Foz do Iguaçu (/pt-BR/; "Mouth of the Iguazu"), colloquially referred to as Foz, is the Brazilian city on the border of Iguaçu Falls. Foz in Portuguese means the mouth or end of a river and Iguaçu in Guarani or Tupi comes from the words y /gn/, meaning "river", and guasu /gn/, meaning "big".

The city is the 7th largest in the state of Paraná with a population of approximately 258,000 inhabitants. It is approximately 650 km (400 mi) west of the capital of the state, Curitiba, being the westernmost city in that State.

The inhabitants of the city are known as iguaçuenses. The Iguaçu Falls located on the border of Argentina and Brazil and consisting of approximately 257 individual waterfalls over 2.7 km were chosen as one of the "New Natural Seven Wonders of the World."

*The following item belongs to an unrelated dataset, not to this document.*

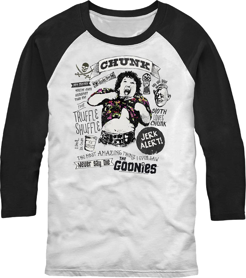 You'll have everyone doing the Truffle Shuffle when they see you wearing this Chunk Collage Goonies Raglan Baseball Shirt!

The city is characterized by tourism and cultural diversity. There are about 80 nationalities, being the most representative from Italy, Portugal, Lebanon, China, Paraguay and Argentina. Foz do Iguaçu is integrated into a tri-national region, bordering the Argentine city of Puerto Iguazú and the Paraguayan city of Ciudad del Este. The city's economy is based on tourism, with emphasis on trade and services.

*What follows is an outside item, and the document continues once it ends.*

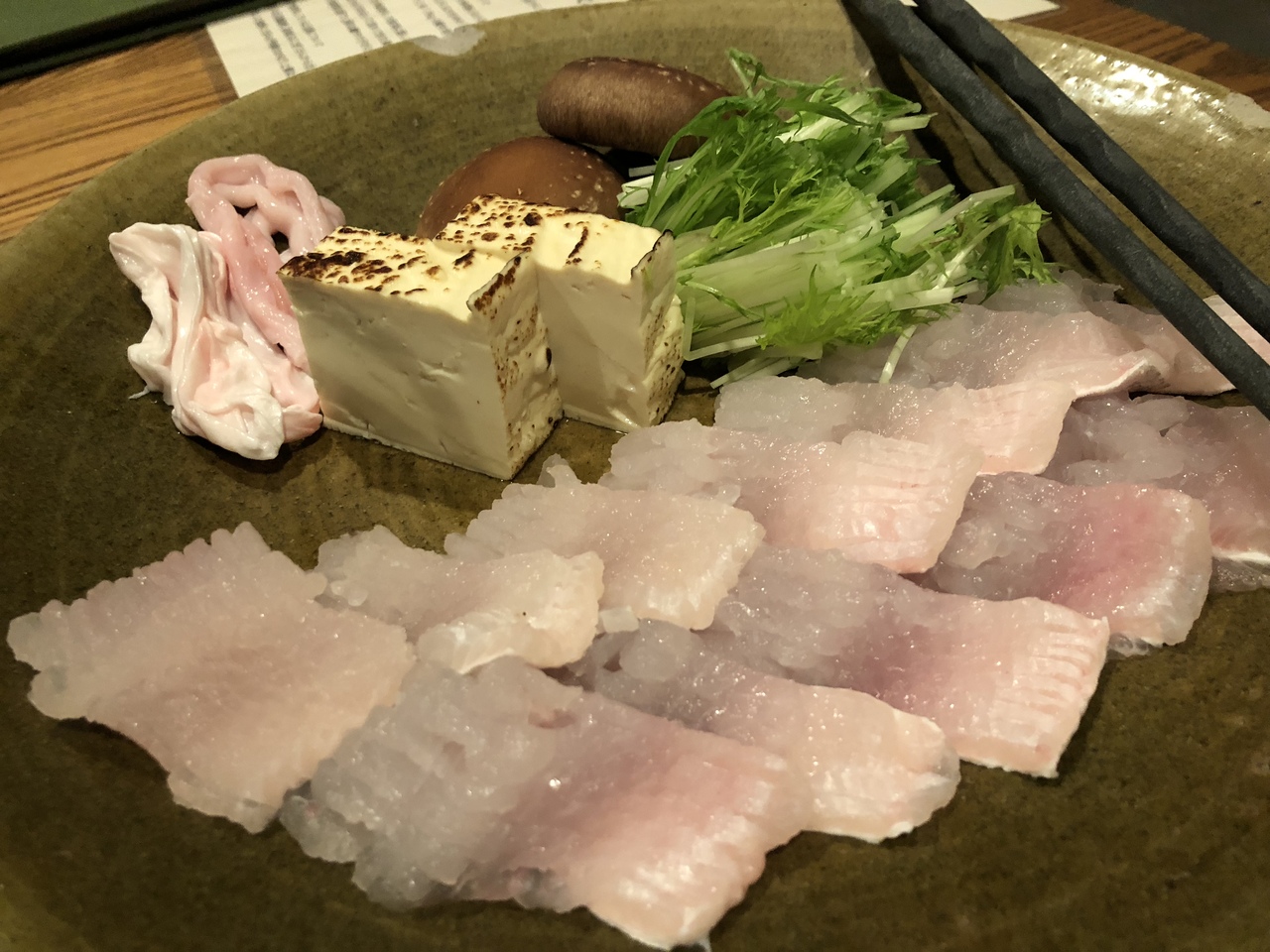 と言えば夏だと思ってる人も多いでしょうが、土瓶蒸しの時期である秋の方が脂がのってうまいんです。ここ「こゞちよ」さんも秋になると値段が下がってお手頃価格になります。南蛮漬け、刺身、鱧鍋、落とし、お寿司2種、天ぷら、雑炊、デザートと満足の行くものでした。場所が海辺から山手に変わっても味は変わらずでした。

According to research conducted by the Brazilian Tourist Institute (Embratur) and the Foundation Institute of Economic Research (FIFE) in 2006, 2007 and 2008, Foz do Iguaçu was the 2nd most visited leisure destination by foreign tourists after Rio de Janeiro. In 2010, it received from the Brazilian Ministry of Tourism 10 awards for Best Practices and Competitiveness Index. Foz do Iguaçu has been noted as a destination by various national and international media: the British newspaper The Guardian considered it the best foreign destination for the UK. The U.S. TV network CNN classified it as one of the 14 most romantic destinations.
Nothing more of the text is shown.